Pictures must not appear; the answer is exactly the lines from the one that holds "Miranda Lambert taupe" through the end of the material.

───── Raw data ─────

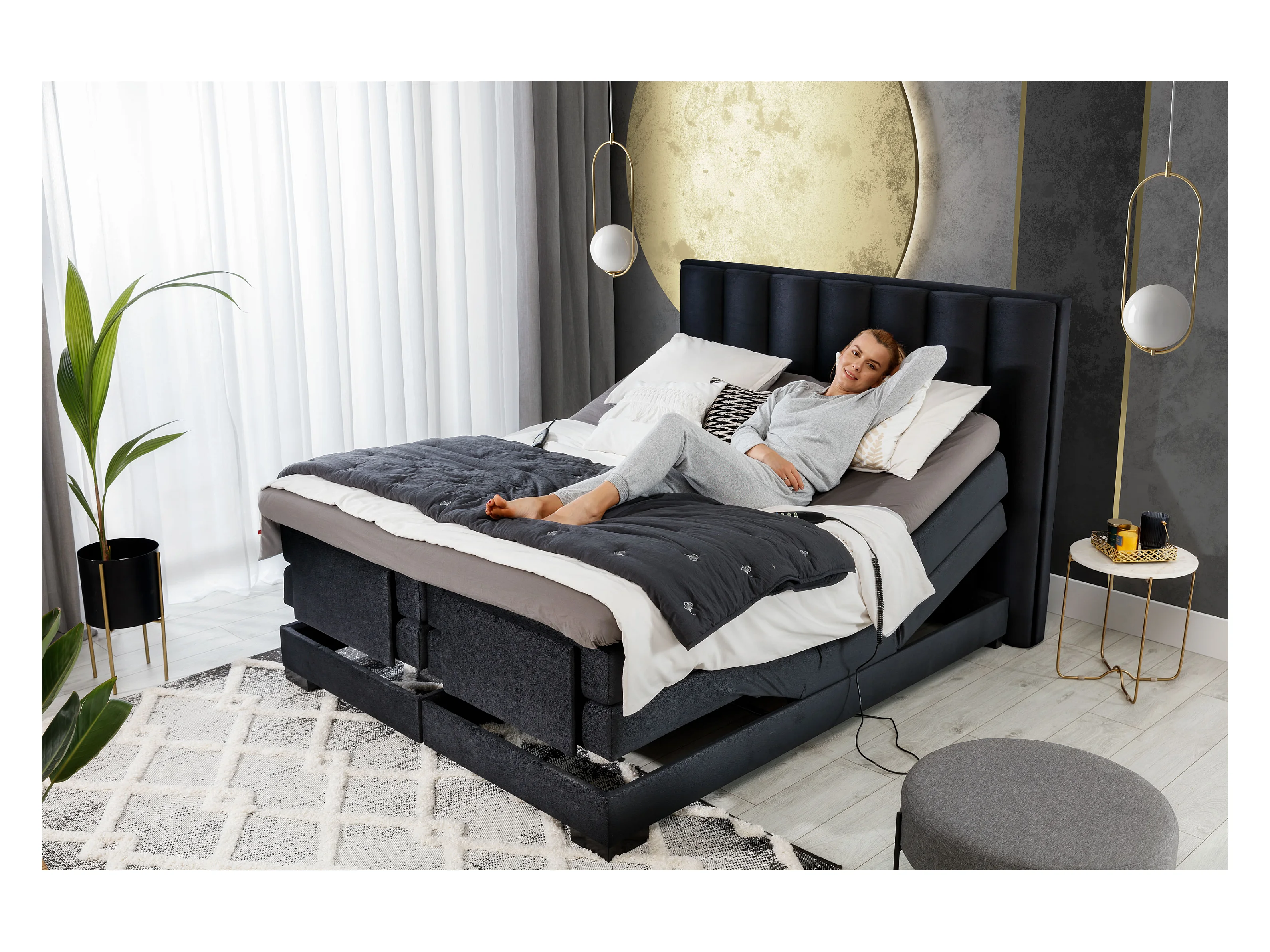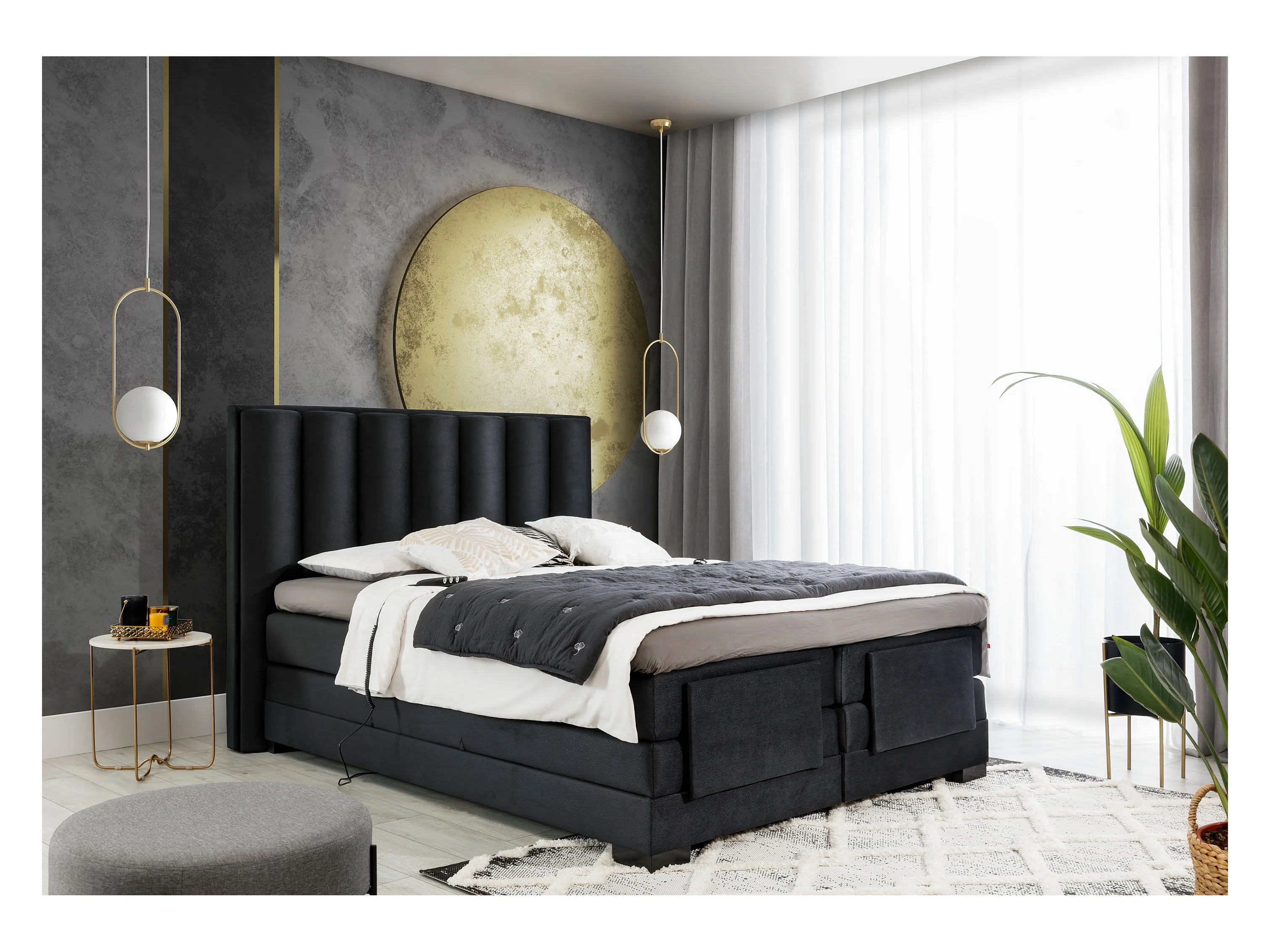 Lit boxspring électrique velours noir avec matelas et surmatelas Arkos-160x200
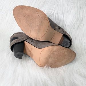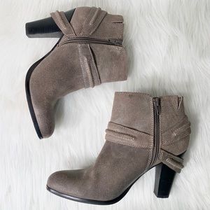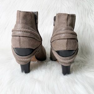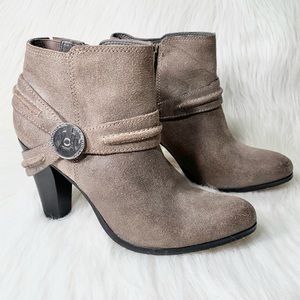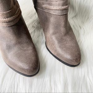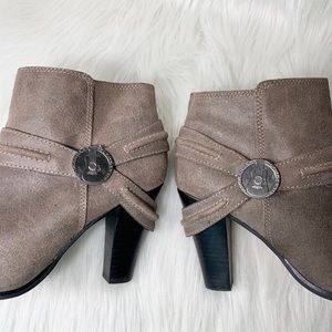 Miranda Lambert taupe leather heeled ankle boots. Decorative metal guitar medallions, strappy wrap arounds, higher heel, almond toe, tophits just above ankle. Textured slightly sueded leather. Inside zippers. Heel and shaft measurements in photos. Great condition, just light sign character wear, couple of scuff/scratches inside on leather liner-not visible outside (see pic of size for detail).
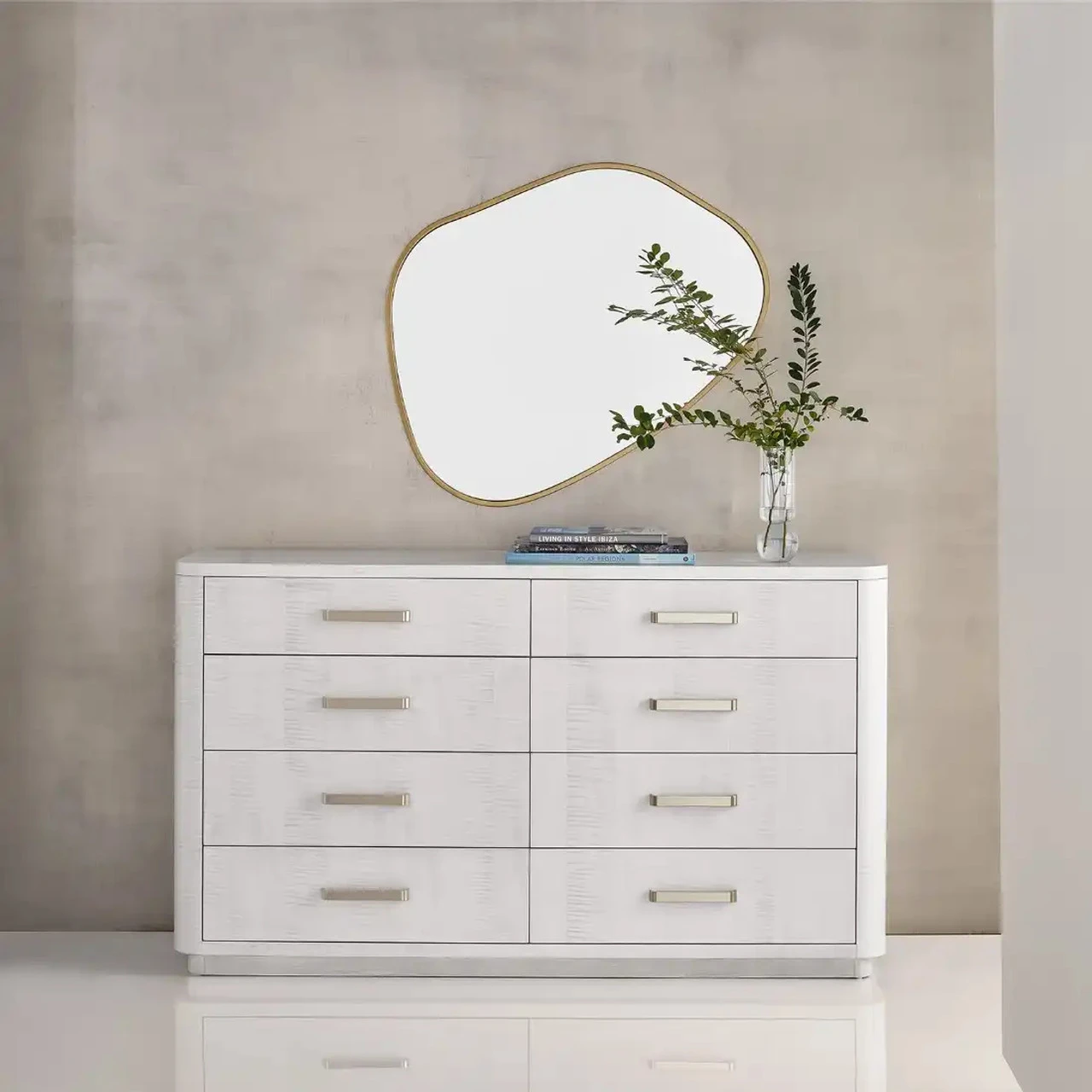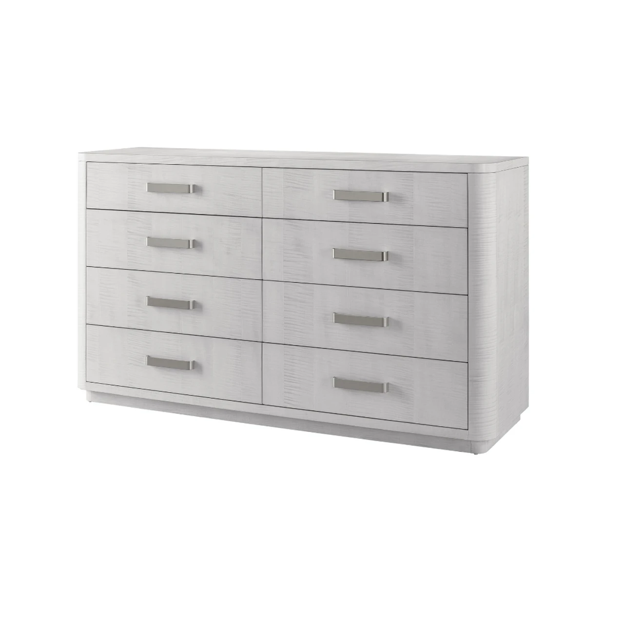 Finished in an opulent white sycamore hue, the Adore Dresser brings luxury to bedroom dwellings with six spacious drawers and abundant silver pulls.

─────

* Exercise answer
 Miranda Lambert taupe leather heeled ankle boots. Decorative metal guitar medallions, strappy wrap arounds, higher heel, almond toe, tophits just above ankle. Textured slightly sueded leather. Inside zippers. Heel and shaft measurements in photos. Great condition, just light sign character wear, couple of scuff/scratches inside on leather liner-not visible outside (see pic of size for detail).
 Finished in an opulent white sycamore hue, the Adore Dresser brings luxury to bedroom dwellings with six spacious drawers and abundant silver pulls.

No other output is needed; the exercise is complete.